Visual–Spatial Reasoning: The ability to interpret abstract visual information and recognize spatial relationships.

A distinctive feature of the CLRA is the use of automatic item generation when designing the initial item bank. Algorithmic rules define how matrix-style reasoning problems are built, enabling the creation of new items across a broad difficulty range. These rules are based on findings of Carpenter et al. (1990) who defined a taxonomy for how progressive matrices can be constructed. This innovation ensures that the test bank can be continuously refreshed, reducing item exposure risks and maintaining fairness and precision over time.

To ensure robust calibration and validation, the CLRA underwent extensive empirical testing. Initial data collection efforts resulted in 11,284 candidate responses, averaging approximately 12.5 items per participant. After filtering responses based on strict criteria (such as minimum number of items answered and acceptable assessment durations), a final calibration sample of 4,410 participants remained. This sample was collected from a global population of 18-60 year olds, and is used to calculate percentile scores of ability (aka theta) scores.

Interpreting CLRA Scores

The CLRA produces percentile scores, allowing an individual's performance to be compared against a normative group.

Low Scores (below the 33rd percentile): Individuals scoring in this range may find inductive and deductive reasoning tasks more challenging, such as recognizing abstract patterns, drawing logical conclusions, or generalizing rules to new problems. They may also have difficulty processing complex visual–spatial information under time pressure. However, they may perform well in structured roles where tasks are consistent, rules are explicit, and attention to detail is highly valued.
Moderate Scores (33rd–66th percentile): Individuals scoring in the middle percentile range demonstrate solid, dependable reasoning ability. While they may take longer to adapt to highly complex or ambiguous situations than higher scorers, they typically show steady performance, good judgment, and reliable learning when given appropriate context, guidance, and experience
High Scores (above the 66th percentile): Individuals in this range typically excel at identifying complex patterns, applying logical reasoning to novel situations, and interpreting abstract visual information quickly and accurately. They are likely to thrive in roles that require flexible problem-solving, rapid learning, and adaptation to dynamic or ambiguous contexts. These individuals may benefit from being given challenging, varied tasks that allow them to leverage their reasoning strengths.

Psychometric Properties

CLRA items exhibited a broad spectrum of difficulty and discrimination values, reflecting the intentional design to cover a wide range of cognitive ability.
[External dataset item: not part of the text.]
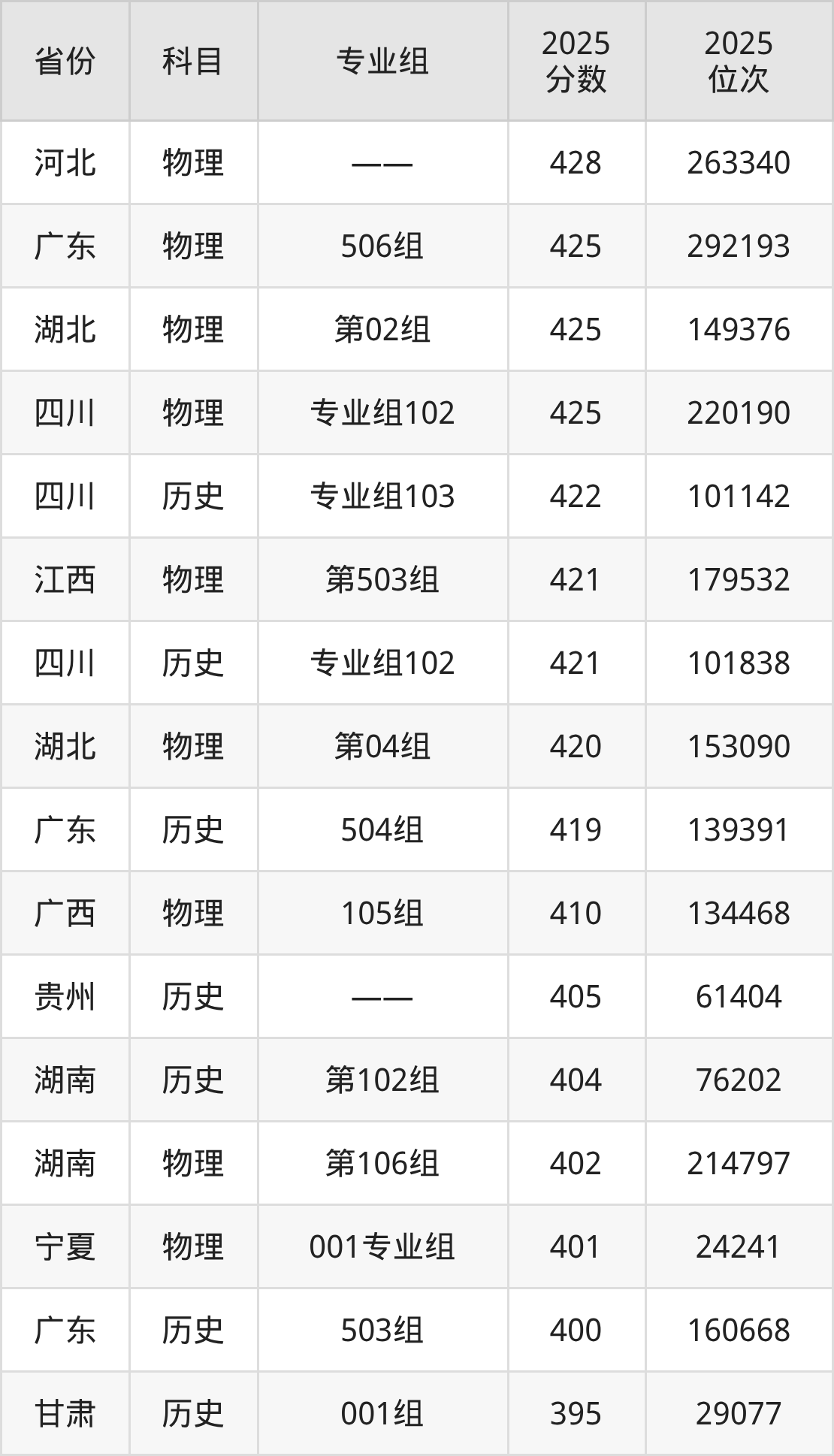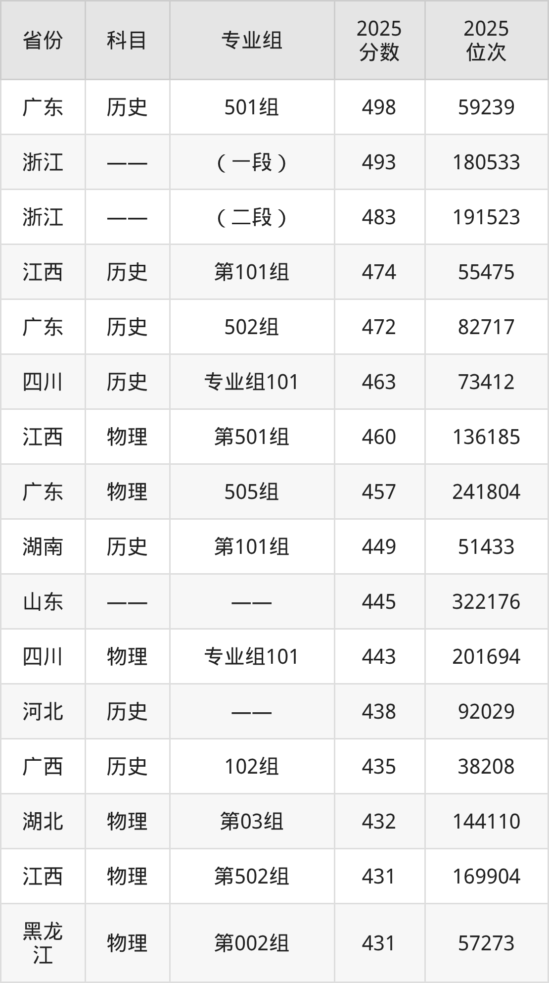 2025年永州职业技术学院全国录取分数线150分到498分,录取最高在广东(历史类501组)、录取最低在四川(物理类专业组104)。

The difficulty parameter (β) ranged from -1.88 to +4.17, which means the test includes both relatively easy and highly challenging items. Discrimination values (α) ranged from .23 to 2.31, indicating the varying ability of items to differentiate between individuals of different reasoning abilities.

CLRA theta scores ranged from -2.886 to 2.960, with a mean of -.575 and standard deviation of .904. The distribution was slightly negatively skewed, indicating most participants found the assessment moderately challenging yet accessible with the assessment spanning a wide range of ability (see Fig. 1 for distribution of theta scores)

Fig 1. A density plot of CLRA theta scores

‍

To assess the underlying structure of the CLRA, Exploratory Factor Analysis was conducted. The analysis revealed that the test is best described by a unidimensional factor structure. This finding is consistent with theoretical expectations, as the CLRA is designed to measure a single latent construct — logical reasoning ability. The unidimensionality assumption is further supported by the scree plot, which showed a clear inflection point after the first factor, and by eigenvalue analysis.

Numerical Reasoning

The Core Numerical Reasoning Assessment (CNRA) measures the ability to interpret, analyze, and draw logical conclusions from quantitative information. It is designed to assess fluid reasoning with numbers, focusing on problem-solving and logical inference rather than rote calculation. The assessment covers two primary domains:

Quantitative Problem-Solving: The ability to apply arithmetic reasoning to structured problems (e.g., percentages, ratios, word problems).
Logical Quantitative Reasoning: The ability to identify patterns and rules in number series or number matrices, requiring inductive and deductive reasoning with numerical stimuli.

Interpreting CNRA Scores

Low Scores (below the 33rd percentile): Individuals in this range may find numerical problem-solving and abstract quantitative reasoning more challenging. They may struggle with identifying hidden rules in number patterns or interpreting data under time constraints, but can excel in tasks that are more structured, routine, and do not demand frequent quantitative inference.
Moderate Scores (33rd–66th percentile): Individuals scoring in the middle percentile range demonstrate solid numerical reasoning ability. They are generally able to work accurately with familiar quantitative information, recognize straightforward patterns, and draw logical conclusions from structured numerical data. While they may be slower or less confident when faced with highly complex, abstract, or time-pressured quantitative problems than higher scorers, they typically show dependable performance and steady improvement with practice and contextual support.
High Scores (above the 66th percentile): Individuals scoring in this range typically excel at extracting logical conclusions from numerical information, identifying patterns, and solving quantitative problems efficiently. They are likely to thrive in data-driven roles requiring rapid, accurate interpretation of numbers, financial or operational data, and structured problem-solving.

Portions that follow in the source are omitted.